# Given data:
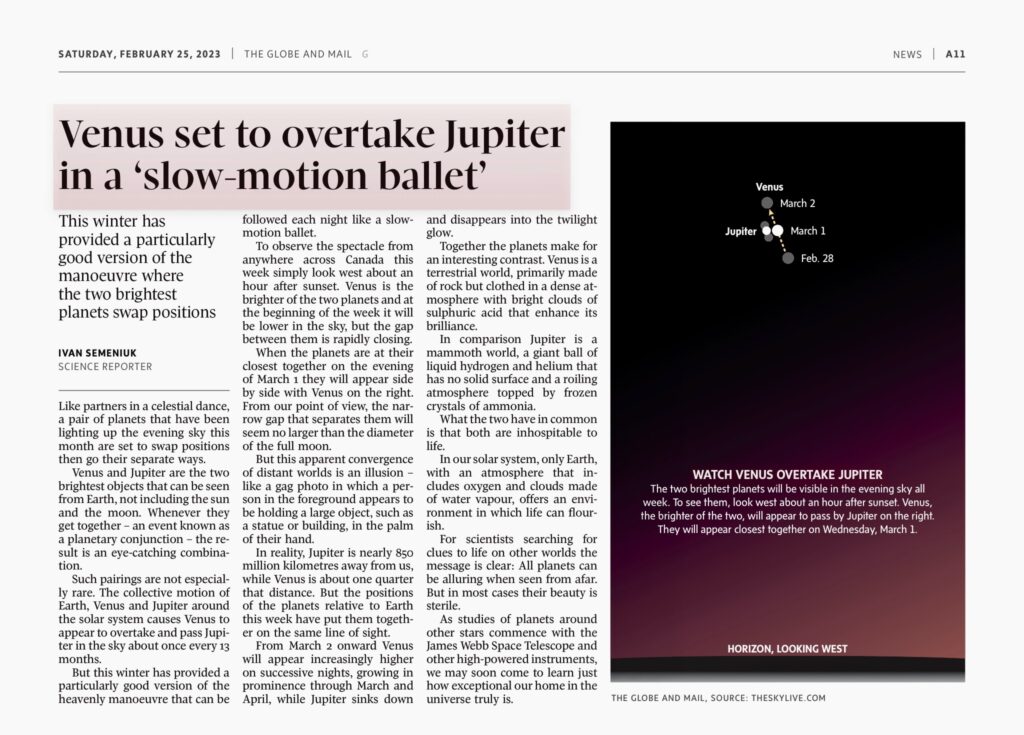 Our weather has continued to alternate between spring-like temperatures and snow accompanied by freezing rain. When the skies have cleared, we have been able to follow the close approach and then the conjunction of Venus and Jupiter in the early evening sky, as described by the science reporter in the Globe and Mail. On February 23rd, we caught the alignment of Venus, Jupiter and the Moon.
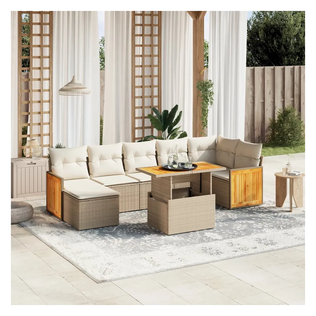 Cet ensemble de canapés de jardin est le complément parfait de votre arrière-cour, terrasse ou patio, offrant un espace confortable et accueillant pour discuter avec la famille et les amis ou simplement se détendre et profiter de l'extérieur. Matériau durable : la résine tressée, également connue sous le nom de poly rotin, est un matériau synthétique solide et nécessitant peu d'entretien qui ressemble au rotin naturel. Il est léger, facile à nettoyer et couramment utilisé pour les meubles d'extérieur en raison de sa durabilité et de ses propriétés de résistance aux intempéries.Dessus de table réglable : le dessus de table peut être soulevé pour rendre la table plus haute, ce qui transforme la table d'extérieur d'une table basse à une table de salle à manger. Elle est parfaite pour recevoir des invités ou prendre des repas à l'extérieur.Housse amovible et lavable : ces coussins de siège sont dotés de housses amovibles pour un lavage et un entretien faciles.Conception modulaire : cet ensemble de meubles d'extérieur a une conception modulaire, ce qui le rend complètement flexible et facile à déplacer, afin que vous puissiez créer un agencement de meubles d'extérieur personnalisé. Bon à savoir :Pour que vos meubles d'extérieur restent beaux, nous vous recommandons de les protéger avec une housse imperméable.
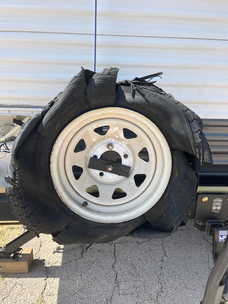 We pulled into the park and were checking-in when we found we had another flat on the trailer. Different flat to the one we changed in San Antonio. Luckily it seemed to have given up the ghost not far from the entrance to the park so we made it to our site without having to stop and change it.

# What is being asked:
Once more, please print the whole listing exactly, omitting each image.

# Answer for this exercise:
 Our weather has continued to alternate between spring-like temperatures and snow accompanied by freezing rain. When the skies have cleared, we have been able to follow the close approach and then the conjunction of Venus and Jupiter in the early evening sky, as described by the science reporter in the Globe and Mail. On February 23rd, we caught the alignment of Venus, Jupiter and the Moon.
 Cet ensemble de canapés de jardin est le complément parfait de votre arrière-cour, terrasse ou patio, offrant un espace confortable et accueillant pour discuter avec la famille et les amis ou simplement se détendre et profiter de l'extérieur. Matériau durable : la résine tressée, également connue sous le nom de poly rotin, est un matériau synthétique solide et nécessitant peu d'entretien qui ressemble au rotin naturel. Il est léger, facile à nettoyer et couramment utilisé pour les meubles d'extérieur en raison de sa durabilité et de ses propriétés de résistance aux intempéries.Dessus de table réglable : le dessus de table peut être soulevé pour rendre la table plus haute, ce qui transforme la table d'extérieur d'une table basse à une table de salle à manger. Elle est parfaite pour recevoir des invités ou prendre des repas à l'extérieur.Housse amovible et lavable : ces coussins de siège sont dotés de housses amovibles pour un lavage et un entretien faciles.Conception modulaire : cet ensemble de meubles d'extérieur a une conception modulaire, ce qui le rend complètement flexible et facile à déplacer, afin que vous puissiez créer un agencement de meubles d'extérieur personnalisé. Bon à savoir :Pour que vos meubles d'extérieur restent beaux, nous vous recommandons de les protéger avec une housse imperméable.
 We pulled into the park and were checking-in when we found we had another flat on the trailer. Different flat to the one we changed in San Antonio. Luckily it seemed to have given up the ghost not far from the entrance to the park so we made it to our site without having to stop and change it.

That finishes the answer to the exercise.